→ Material for this task:
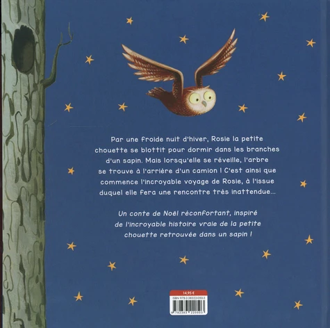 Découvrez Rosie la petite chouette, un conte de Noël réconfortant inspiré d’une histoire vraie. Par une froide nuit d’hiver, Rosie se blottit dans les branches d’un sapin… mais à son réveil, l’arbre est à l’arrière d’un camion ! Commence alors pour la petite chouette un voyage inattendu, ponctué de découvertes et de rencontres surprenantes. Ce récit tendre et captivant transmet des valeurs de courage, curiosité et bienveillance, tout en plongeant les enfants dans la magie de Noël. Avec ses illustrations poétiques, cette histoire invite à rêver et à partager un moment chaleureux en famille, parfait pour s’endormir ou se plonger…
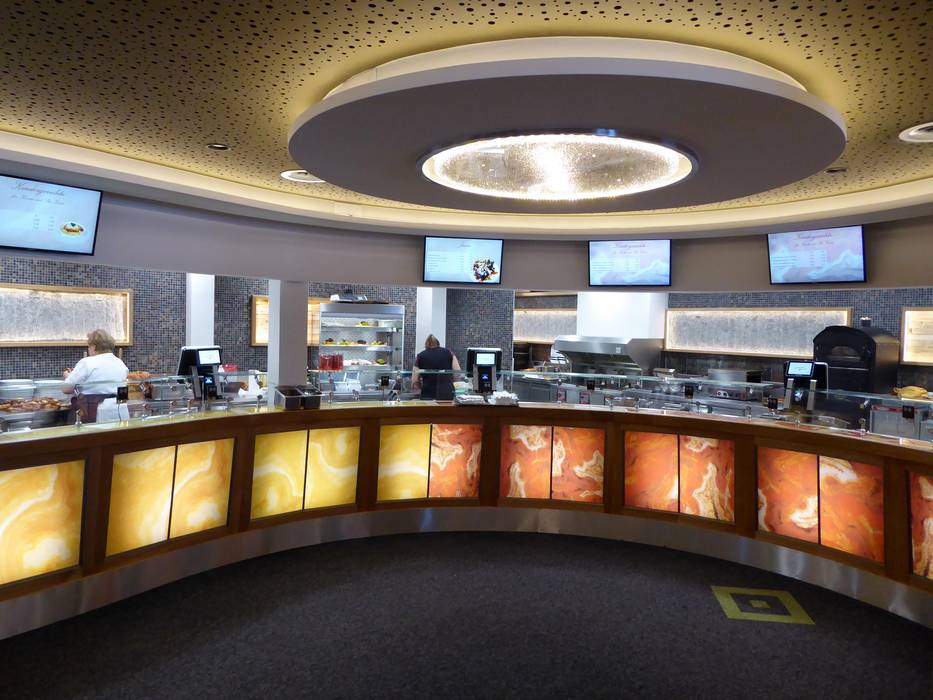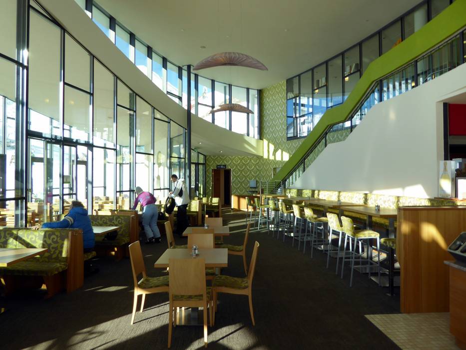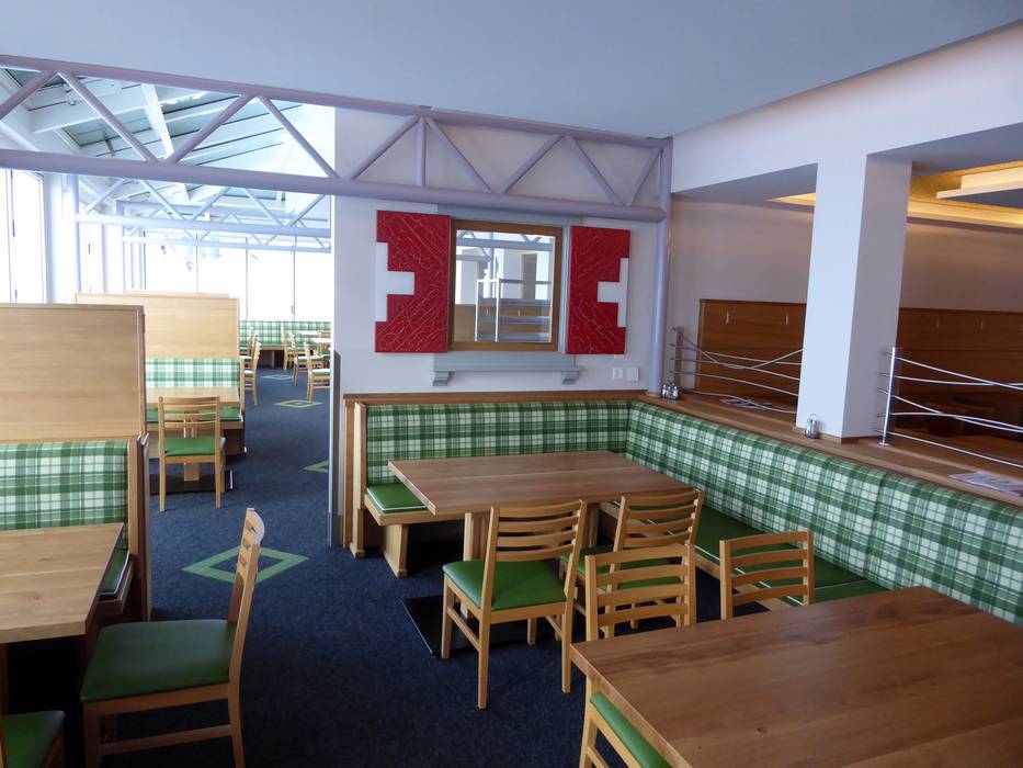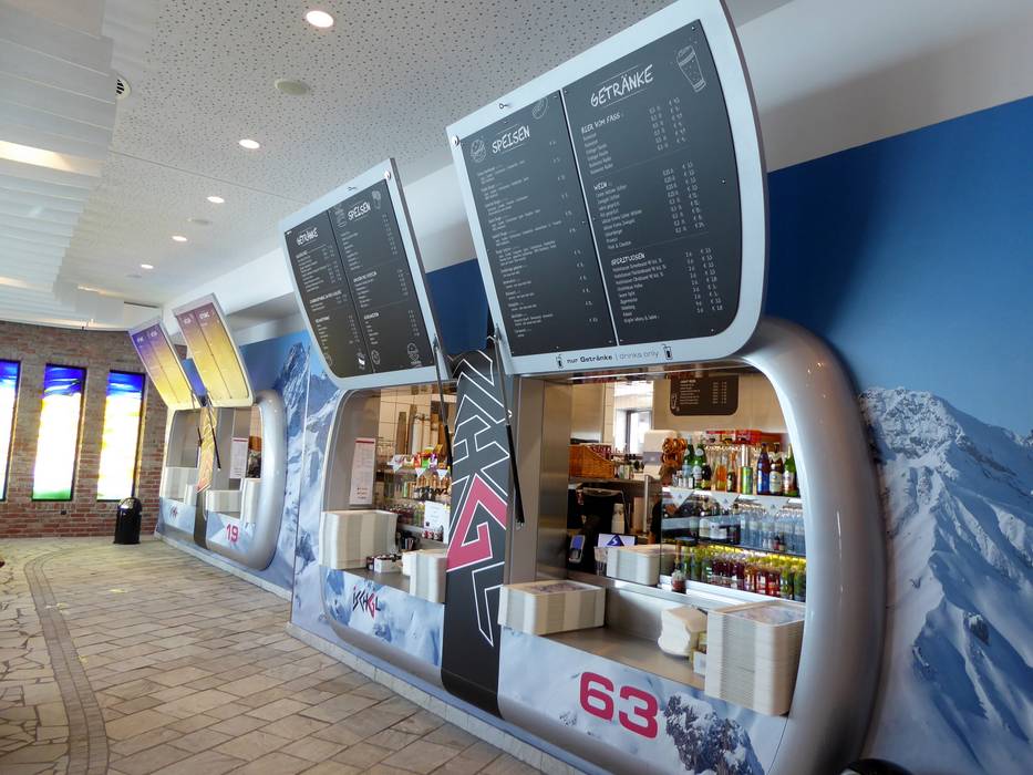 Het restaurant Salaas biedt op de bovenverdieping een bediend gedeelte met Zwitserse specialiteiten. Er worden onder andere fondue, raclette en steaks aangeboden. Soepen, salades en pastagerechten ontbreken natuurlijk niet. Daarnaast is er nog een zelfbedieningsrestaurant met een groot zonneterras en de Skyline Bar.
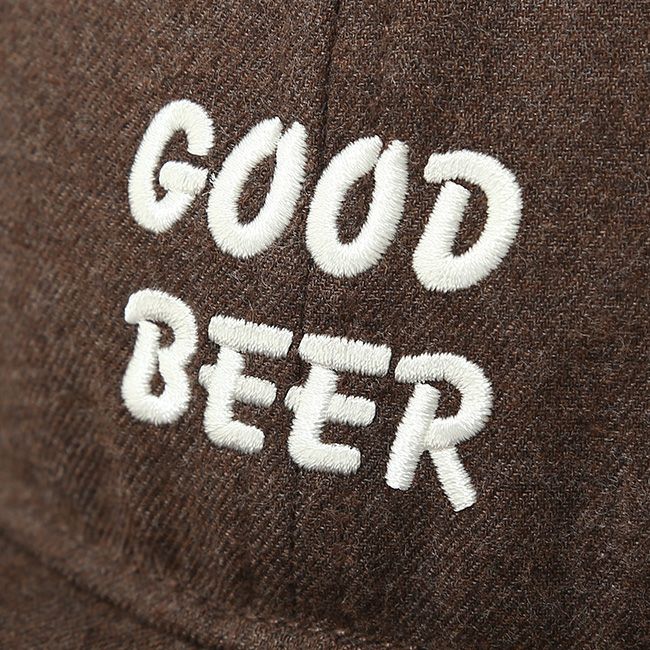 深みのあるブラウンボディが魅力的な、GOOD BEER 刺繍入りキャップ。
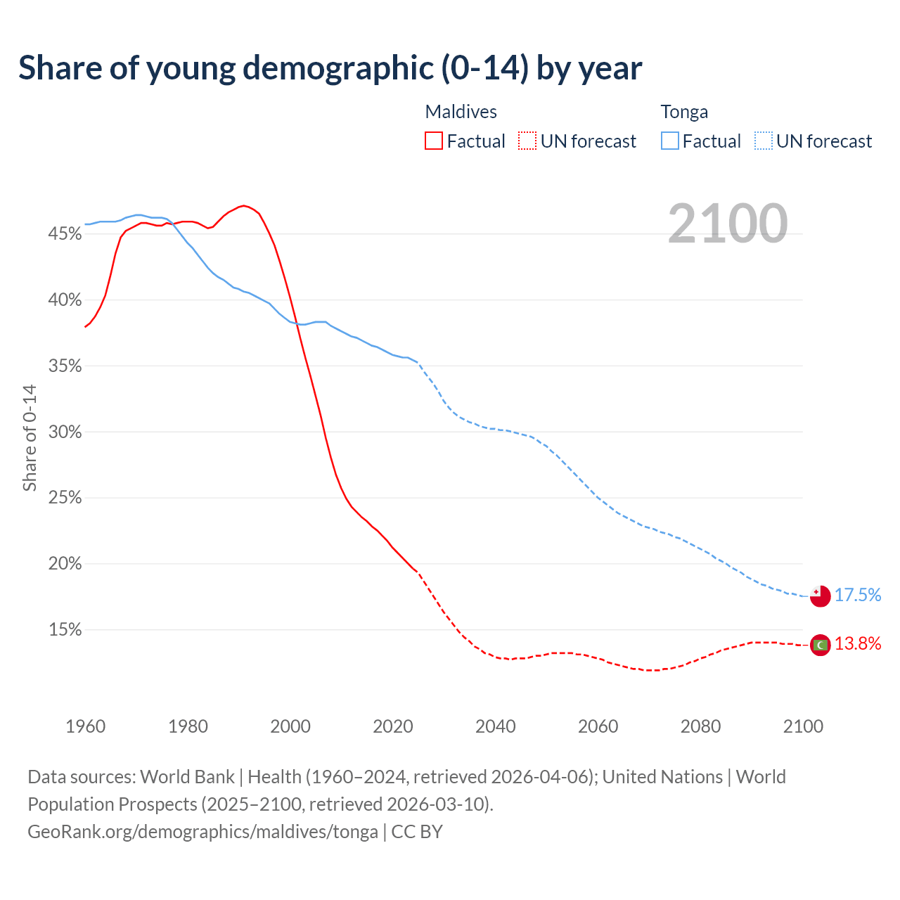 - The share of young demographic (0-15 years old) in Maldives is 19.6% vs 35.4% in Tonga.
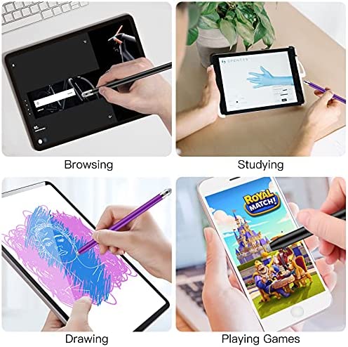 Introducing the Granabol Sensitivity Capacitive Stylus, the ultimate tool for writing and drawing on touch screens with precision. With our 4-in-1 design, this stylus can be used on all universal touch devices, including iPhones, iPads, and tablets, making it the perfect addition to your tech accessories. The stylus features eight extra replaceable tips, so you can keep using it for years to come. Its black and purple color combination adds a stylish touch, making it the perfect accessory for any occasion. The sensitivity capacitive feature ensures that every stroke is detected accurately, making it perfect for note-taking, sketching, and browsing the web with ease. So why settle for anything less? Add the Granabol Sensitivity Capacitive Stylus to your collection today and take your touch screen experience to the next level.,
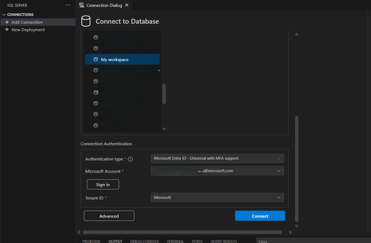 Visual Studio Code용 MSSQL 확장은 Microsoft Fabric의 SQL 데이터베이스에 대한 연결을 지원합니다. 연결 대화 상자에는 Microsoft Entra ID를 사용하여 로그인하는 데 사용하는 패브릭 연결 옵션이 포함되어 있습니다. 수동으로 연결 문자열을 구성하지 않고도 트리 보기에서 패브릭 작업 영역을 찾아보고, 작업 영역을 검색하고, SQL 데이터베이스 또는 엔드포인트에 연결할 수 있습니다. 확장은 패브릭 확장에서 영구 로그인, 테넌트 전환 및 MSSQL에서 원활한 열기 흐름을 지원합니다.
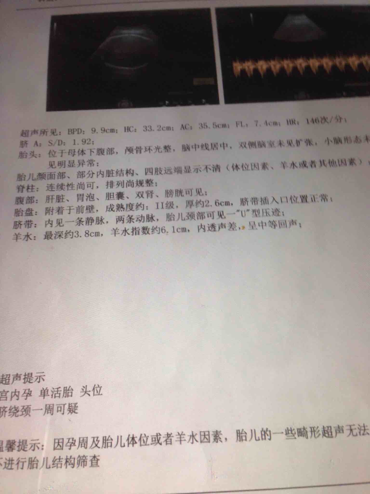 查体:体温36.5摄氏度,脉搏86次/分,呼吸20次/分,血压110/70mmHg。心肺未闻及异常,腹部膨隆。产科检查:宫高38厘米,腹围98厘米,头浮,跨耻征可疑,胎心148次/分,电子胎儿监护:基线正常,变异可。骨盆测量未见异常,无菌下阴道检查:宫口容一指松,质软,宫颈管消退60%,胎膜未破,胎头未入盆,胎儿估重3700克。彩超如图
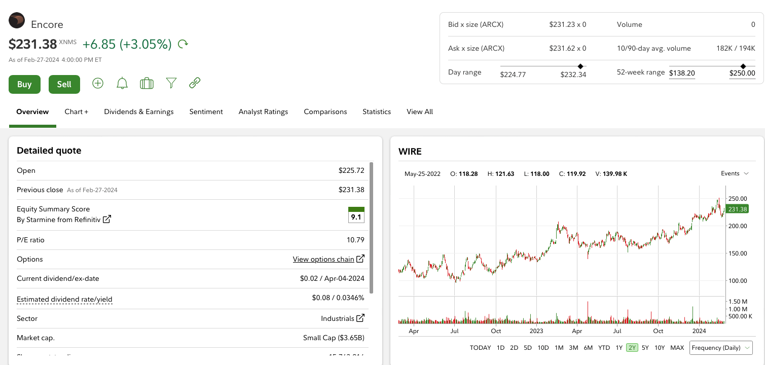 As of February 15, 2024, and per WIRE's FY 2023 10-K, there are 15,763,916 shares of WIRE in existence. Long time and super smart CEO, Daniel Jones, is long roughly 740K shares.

→ Work instruction: Nothing but the lines from the one with "查体:体温36.5摄氏度,脉" through the last line of the records should appear in your answer, each exactly as written and without pictures.

→ Final answer:
 查体:体温36.5摄氏度,脉搏86次/分,呼吸20次/分,血压110/70mmHg。心肺未闻及异常,腹部膨隆。产科检查:宫高38厘米,腹围98厘米,头浮,跨耻征可疑,胎心148次/分,电子胎儿监护:基线正常,变异可。骨盆测量未见异常,无菌下阴道检查:宫口容一指松,质软,宫颈管消退60%,胎膜未破,胎头未入盆,胎儿估重3700克。彩超如图
 As of February 15, 2024, and per WIRE's FY 2023 10-K, there are 15,763,916 shares of WIRE in existence. Long time and super smart CEO, Daniel Jones, is long roughly 740K shares.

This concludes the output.